Publishing an email address on a web page invites more spam. Protect your address by masking it from the email harvesters (spambots) used by spammers. This article tests 50 masking methods against 23 harvesters to see which methods work to stop spammers, and which do not.
Table of Contents
Spam, spam, spam
A 2002 U.S. Federal Trade Commission (FTC) study, Email Address Harvesting: How Spammers Reap What You Sow (PDF), posted test email addresses around the Internet and measured the amount of spam they received. 86% of all email addresses published on web pages received spam (PDF chart). One test address received spam just nine minutes after the address was first published. So, what can you do to publish your address, but keep spammers from finding it?
The FTC recommends masking your address to make it harder to find by the automated email harvesters (“spam robots” or “spambots”) used by spammers. But there have been dozens of methods proposed to mask an address. This article tests 50 of them. Email addresses masked by each method are run past a collection of harvesters to see which methods work, and which do not. The results may surprise you. Many popular email masking methods don’t work.

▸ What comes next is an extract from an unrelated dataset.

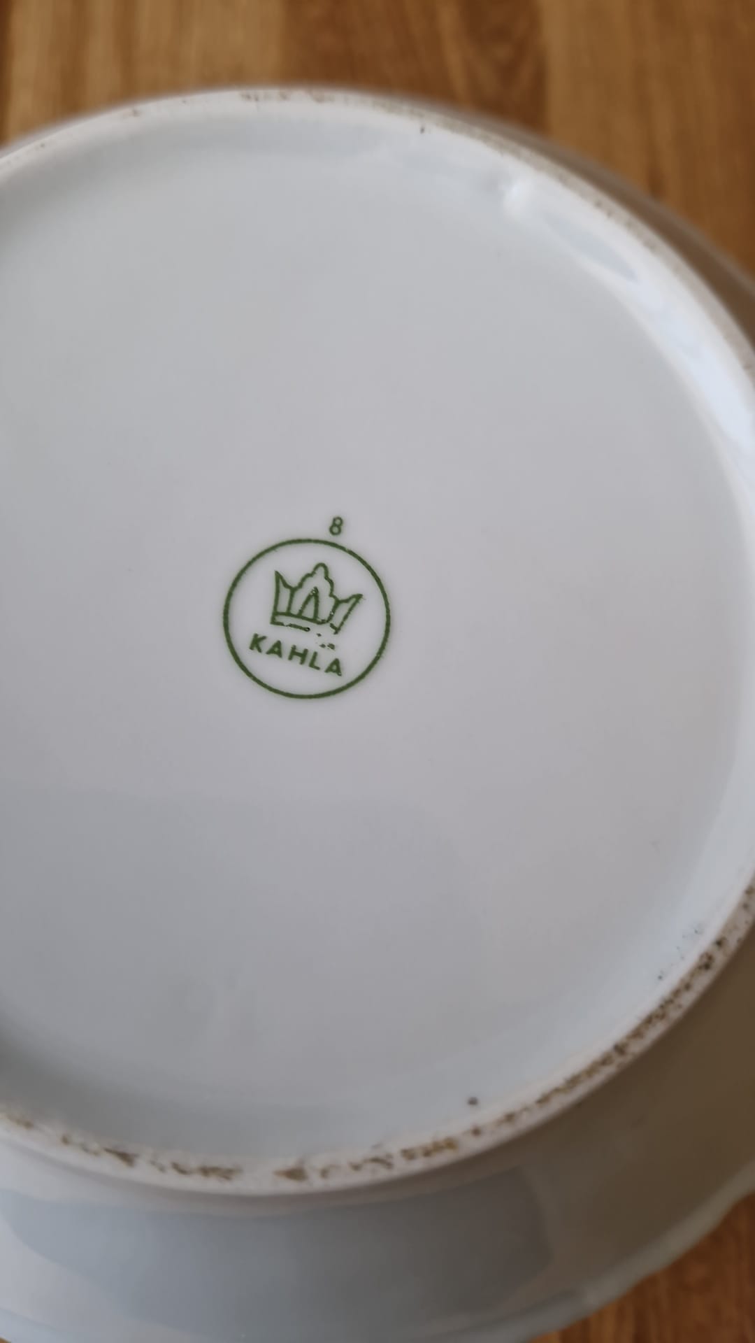 Krásná porcelánová mísa (terina) s poklicí od renomované německé značky "Kahla". Jedná se o originální kousek z éry NDR (60.-70. léta), značený klasickou zelenou korunkou. Jako bonus v rámci akce 1+1 přidáváme ke koupi mísy ladící mělký talíř ze stejné série zcela zdarma.

How to protect email addresses
To better cover all of these masking methods, I've grouped similar methods together and review each group in its own article. Each article explains the method, shows examples, and tabulates harvester test results.

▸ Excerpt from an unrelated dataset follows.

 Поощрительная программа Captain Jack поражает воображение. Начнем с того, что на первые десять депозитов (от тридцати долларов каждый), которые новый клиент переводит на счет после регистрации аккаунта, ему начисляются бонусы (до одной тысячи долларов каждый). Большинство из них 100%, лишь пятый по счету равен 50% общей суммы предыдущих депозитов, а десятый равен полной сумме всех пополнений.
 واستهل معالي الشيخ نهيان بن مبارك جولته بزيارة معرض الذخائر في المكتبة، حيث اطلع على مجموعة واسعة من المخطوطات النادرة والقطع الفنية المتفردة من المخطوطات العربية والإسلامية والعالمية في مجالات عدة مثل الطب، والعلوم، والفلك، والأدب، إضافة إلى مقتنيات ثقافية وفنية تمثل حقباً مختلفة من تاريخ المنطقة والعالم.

The table below summarizes the email address protection methods reviewed in these articles. Each method is graded on its effectiveness, browser support, usability, and accessibility for the disabled. A method is effective only if none of the tested email harvesters bypassed it. A method is well-supported only if all major current web browsers support it well. And a method is usable and accessible if it is not awkward for visitors to use and it is readable by screen readers used by the visually impaired.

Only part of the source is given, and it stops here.